Sanchez Energy on Monday provided a capital spending and operations update following the closing of its acquisition of the Cotulla Eagle Ford properties from Hess Corporation.
Sanchez Energy President and Chief Executive Officer Tony Sanchez III commented, "As a result of the closing of our Cotulla asset acquisition and an updated review of our operational opportunities, we have increased our 2013 capital program and activity levels. The primary change to our capital program is the result of the addition of the new Cotulla assets, where we expect to run one rig continuously drilling approximately 10 net wells for the remainder of 2013. Furthermore, due to continued strong well performance in our Palmetto area, we have increased the number of wells we expect to drill by 4.5 net (9 gross) wells to a total of 17 net (34 gross) wells in 2013. In order to accommodate the increased well count in the Palmetto area, we expect a third rig to be added during the second half of the year. Given that we, along with our partner Marathon Oil Corporation, have shifted our development plans to an average of four wells per pad in this area, we expect the incremental production resulting from this increased well count to come on line either late in the fourth quarter of this year or early next year.
In the Marquis area, we continue to experience strong well performance and are on track to drill a total of 18 gross and net wells this year. A second rig is expected to arrive in the area this month, and we have shifted our operations and development plans to focus on multi-well pad drilling.
This increased level of activity is well within our technical and administrative capabilities and should enable us to reach a 2013 year-end production exit rate range of 15,000 to 17,000 boepd as well as position us for continued strong production growth through 2014, which we expect to exit producing between 20,000 and 22,000 boepd."
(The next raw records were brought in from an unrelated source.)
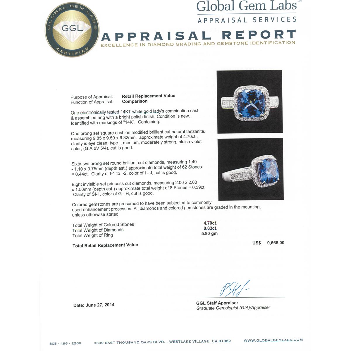 One electronically tested 14KT white gold Ladies combination cast & assembled ring with a bright polish finish. Condition is new. Identified with markings of "14K". Containing: One prong set square cushion modified brilliant cut natural tanzanite, measuring 9.85 x 9.59 x 6.32mm, approximate weight of 4.70ct., clarity is eye clean, type I, medium, moderately strong, bluish violet color, (GIA bV 5/4), cut is good. Sixty-Two prong set round brilliant cut diamonds, measuring 1.40 - 1.10 x 0.75mm (depth est.) approximate total weight of 62 Stones = 0.44ct. Clarity: I-1 to I-2. Color: I - J, Cut is Good. Eight invisible set princess cut diamonds, measuring 2.00 x 2.00 x 1.50mm (depth est.) approximate total weight of 8 Stones = 0.39ct. Clarity: SI-1. Color: G - H, Cut is Good. Colored gemstones are presumed to have been subjected to commonly used enhancement processes. All diamonds and colored gemstones are graded in the mounting, unless otherwise stated. Total Weight of Colored Stones 4.70ct. Total Weight of Diamonds 0.83ct. Total Weight of Ring 5.80 grams. GGL Appraised at $9,665.00.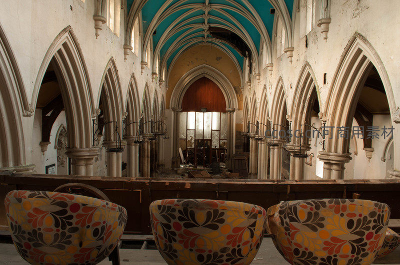 彩色座椅前眺望废弃教堂的纵深空间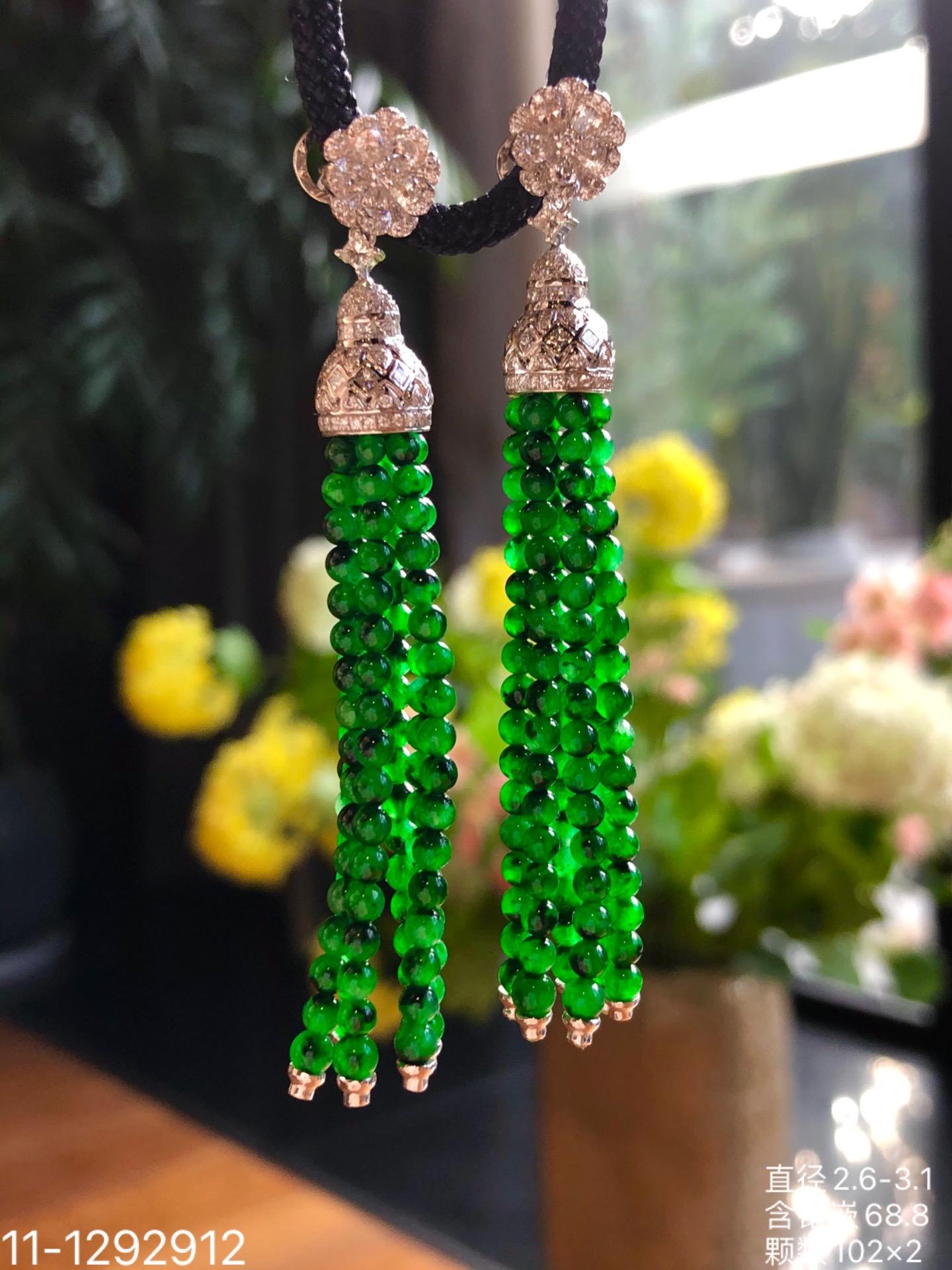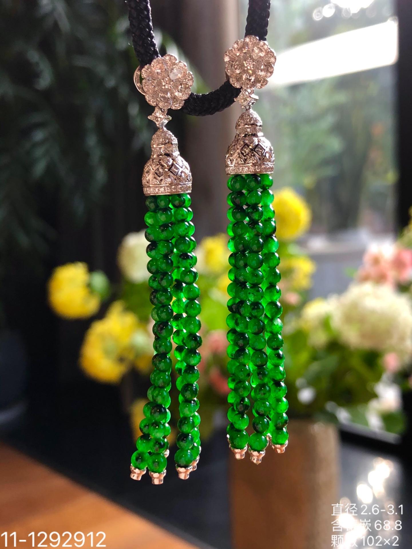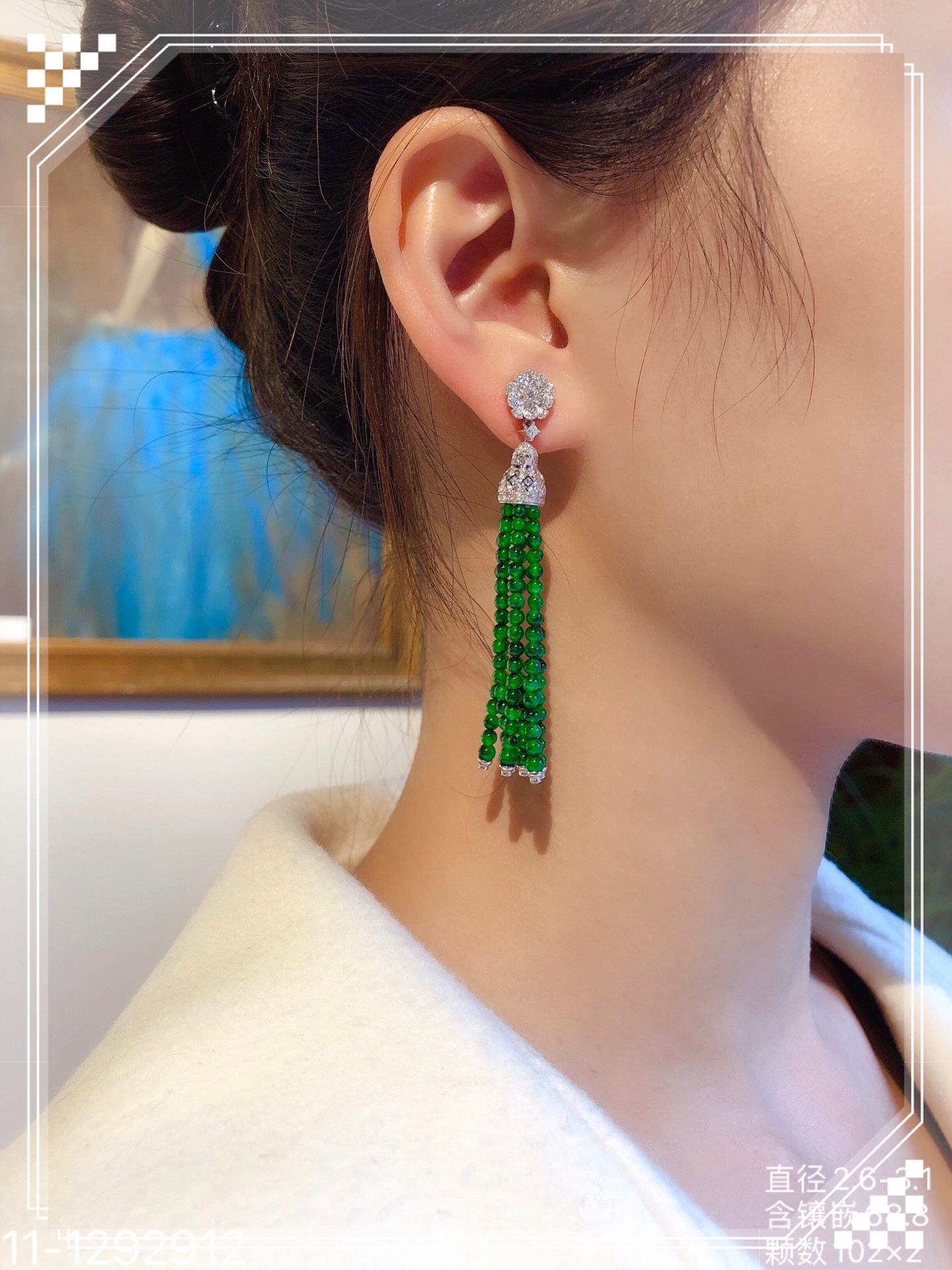 老坑艳绿珠子耳坠 55999【11-1292912】

Sanchez Energy on May 31 closed its previously announced acquisition of Eagle Ford Shale assets from Hess with an effective date of March 1, 2013. Including the $13.25 million deposit previously paid, total consideration for the acquisition was $280.4 million, which includes the $265.0 million purchase price and $15.4 million in normal and customary closing adjustments. The final purchase price is subject to further customary post-closing adjustments. The transaction was funded from cash on hand from the net proceeds of the previously issued $225 million of 6.50 percent Cumulative Perpetual Convertible Preferred Stock, Series B and drawings under the Company's first lien credit facility.